:: Information supplied

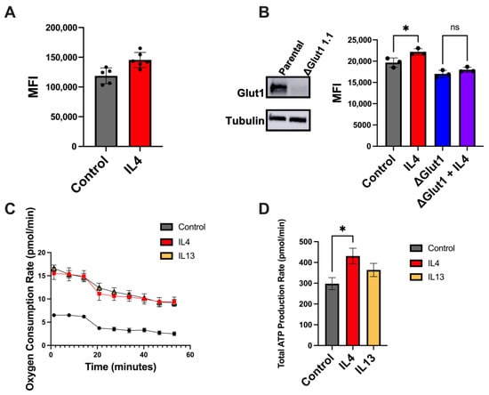 IL4 increases glucose uptake and metabolism in TNBC cell lines. (A) Treatment with 10 ng of IL4 increases glucose uptake in 4T1 murine mammary cancer cells, as assessed by the NBDG assay. (B) The Glut1 protein is undetectable in ΔGlut1 MDA-MB-231 cells generated using CRISPR/Cas9, and treatment with 20 ng of IL4 shows that an IL4-induced increase in glucose uptake is dependent on GLUT1 expression. (C) Pre-treatment (24 h) with 20 ng of IL4 or IL13 results in increased oxygen consumption rates in MDA-MB-231 cells, as measured by the Seahorse ATP rate assay. (D) Pre-treatment (24 h) with 20 ng of IL4 or IL13 results in increased total ATP production in MDA-MB-231 cells, as measured by the Seahorse ATP rate assay. Seahorse readings were normalized to the cell number. Representative images from experiments that were repeated at least 3 times are shown. * p < 0.05, ns = non-significant.
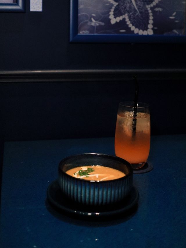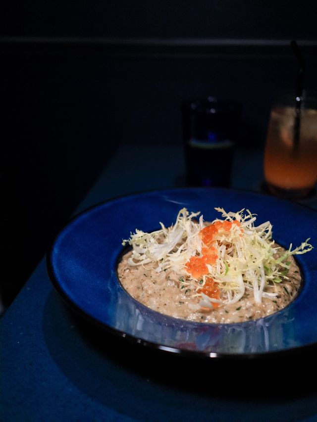 MONMONO is a high-end Japanese-French fusion restaurant and wine bar, with a noble blue decor both inside and out. It features a signature CASINO photo spot, where you can even climb up and take a photo inside the car. 🥰 · We tried the 6-course dinner for two ($988) tonight, which started with two glasses of welcome drinks, alcoholic or non-alcoholic, your choice. 😚 · 1️⃣ Rich cheese baked oysters The cheese flavor is rich, and the oysters are slightly runny even though they are cooked, not hard. They are baked just right, not overcooked, and the texture is creamy with a delicious oyster flavor. 🤤 · 2️⃣ Chef's recommended salad 3️⃣ Daily selected soup 4️⃣ Salmon roe, soft shell crab and crab meat risotto The risotto is cooked perfectly, with each grain distinct and not mushy. It also has a lot of crab meat and crab roe, which gives it a super rich crab flavor. · 5️⃣ Low-temperature slow-roasted 16oz US Angus sirloin 6️⃣ Blueberry milk pudding The milk pudding has a smooth texture, and is paired with strawberries and raspberries for a sweet and sour taste that makes you want to have more than one cup. 🤣 ⋯⋯⋯⋯⋯⋯⋯⋯⋯⋯ MONMONO @monmono.hk 📍Shop 2-3, G/F, Heng Seng Commercial Centre, 4 Hillwood Road, Tsim Sha Tsui 📍Shop A & B, G/F, 44-46 Staunton Street, Central ⋯⋯⋯⋯⋯⋯⋯⋯⋯⋯ #MONMONO #TsimShaTsui #TsimShaTsuiFood #HongKongFood #hkfoodblogger #foodie #LocalTravel #HongKongAttractions #hkfoodie #hkfood #travel
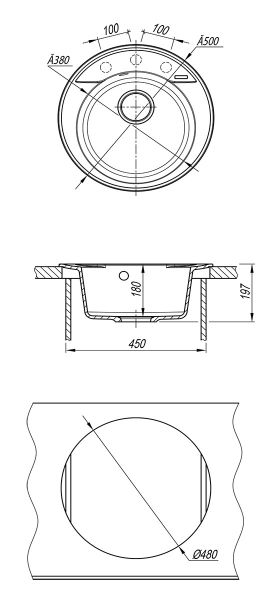 Кварцгранит - композитный материал, который имеет однородную структуры по цвету по всей глубине материала мойки.
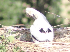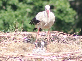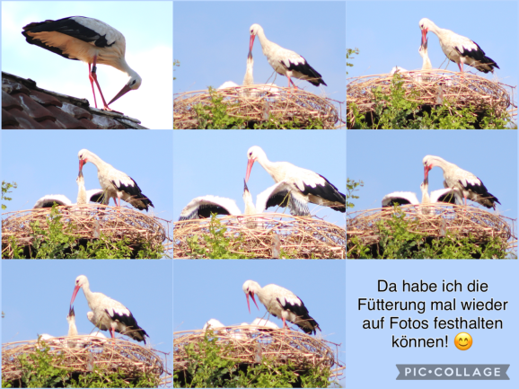 Unter dem Nest haben wir regelmäßig nachgesehen und auch mit unserem Hund gesucht, aber nichts entdeckt. Jetzt heißt es Daumen drücken, dass dies eine Storchenküken groß wird.
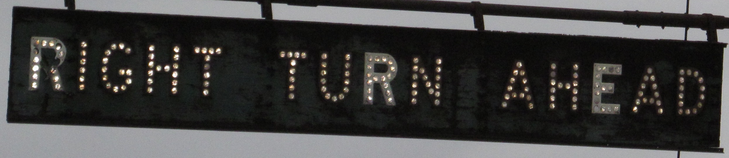 Look at the first photo, just above the tan NB car, and you'll see something sticking out of the signal pole. Turns out it's not part of the pole, but a sign assembly, and it looks like this. No telling how old this black button copy is, but it's old enough that the white sign background has also faded to black. The sign's so faded, that the replacement R's (black button copy is very uncommon, so they're white for ease of procurement) stand out well against the background, while the black blends right into what it once contrasted with. Click for a closeup.
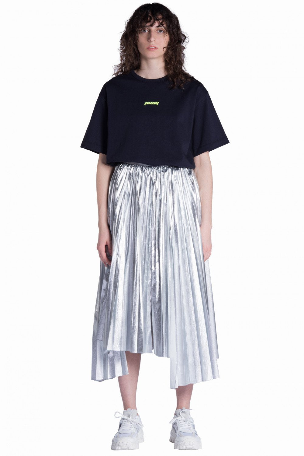 The theme of Juun. J’s SS 19 collection is “Alternative” and featured designs and silhouettes inspired by ’90s sportswear. The collection plays with fabric layering, embroidery and printing as seen in the Silver Pleated Skirt.
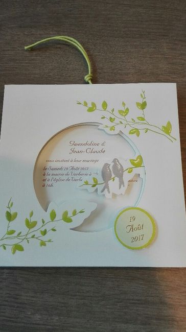 Coucou a toutes alors voilà il y a un peu plus de 2semaines maintenant nous avons reçu nos faire part. J'avais peur du résultat pis finalement non je ne me lasse pas de les regarder. Je les trouve magnifique et dans notre thème. Qu'en pensez vous? ...

::::

No picture belongs in the copy. Print every entry above exactly as it stands.

# Solution:
 IL4 increases glucose uptake and metabolism in TNBC cell lines. (A) Treatment with 10 ng of IL4 increases glucose uptake in 4T1 murine mammary cancer cells, as assessed by the NBDG assay. (B) The Glut1 protein is undetectable in ΔGlut1 MDA-MB-231 cells generated using CRISPR/Cas9, and treatment with 20 ng of IL4 shows that an IL4-induced increase in glucose uptake is dependent on GLUT1 expression. (C) Pre-treatment (24 h) with 20 ng of IL4 or IL13 results in increased oxygen consumption rates in MDA-MB-231 cells, as measured by the Seahorse ATP rate assay. (D) Pre-treatment (24 h) with 20 ng of IL4 or IL13 results in increased total ATP production in MDA-MB-231 cells, as measured by the Seahorse ATP rate assay. Seahorse readings were normalized to the cell number. Representative images from experiments that were repeated at least 3 times are shown. * p < 0.05, ns = non-significant.
 MONMONO is a high-end Japanese-French fusion restaurant and wine bar, with a noble blue decor both inside and out. It features a signature CASINO photo spot, where you can even climb up and take a photo inside the car. 🥰 · We tried the 6-course dinner for two ($988) tonight, which started with two glasses of welcome drinks, alcoholic or non-alcoholic, your choice. 😚 · 1️⃣ Rich cheese baked oysters The cheese flavor is rich, and the oysters are slightly runny even though they are cooked, not hard. They are baked just right, not overcooked, and the texture is creamy with a delicious oyster flavor. 🤤 · 2️⃣ Chef's recommended salad 3️⃣ Daily selected soup 4️⃣ Salmon roe, soft shell crab and crab meat risotto The risotto is cooked perfectly, with each grain distinct and not mushy. It also has a lot of crab meat and crab roe, which gives it a super rich crab flavor. · 5️⃣ Low-temperature slow-roasted 16oz US Angus sirloin 6️⃣ Blueberry milk pudding The milk pudding has a smooth texture, and is paired with strawberries and raspberries for a sweet and sour taste that makes you want to have more than one cup. 🤣 ⋯⋯⋯⋯⋯⋯⋯⋯⋯⋯ MONMONO @monmono.hk 📍Shop 2-3, G/F, Heng Seng Commercial Centre, 4 Hillwood Road, Tsim Sha Tsui 📍Shop A & B, G/F, 44-46 Staunton Street, Central ⋯⋯⋯⋯⋯⋯⋯⋯⋯⋯ #MONMONO #TsimShaTsui #TsimShaTsuiFood #HongKongFood #hkfoodblogger #foodie #LocalTravel #HongKongAttractions #hkfoodie #hkfood #travel
 Кварцгранит - композитный материал, который имеет однородную структуры по цвету по всей глубине материала мойки.
 Unter dem Nest haben wir regelmäßig nachgesehen und auch mit unserem Hund gesucht, aber nichts entdeckt. Jetzt heißt es Daumen drücken, dass dies eine Storchenküken groß wird.
 Look at the first photo, just above the tan NB car, and you'll see something sticking out of the signal pole. Turns out it's not part of the pole, but a sign assembly, and it looks like this. No telling how old this black button copy is, but it's old enough that the white sign background has also faded to black. The sign's so faded, that the replacement R's (black button copy is very uncommon, so they're white for ease of procurement) stand out well against the background, while the black blends right into what it once contrasted with. Click for a closeup.
 The theme of Juun. J’s SS 19 collection is “Alternative” and featured designs and silhouettes inspired by ’90s sportswear. The collection plays with fabric layering, embroidery and printing as seen in the Silver Pleated Skirt.
 Coucou a toutes alors voilà il y a un peu plus de 2semaines maintenant nous avons reçu nos faire part. J'avais peur du résultat pis finalement non je ne me lasse pas de les regarder. Je les trouve magnifique et dans notre thème. Qu'en pensez vous? ...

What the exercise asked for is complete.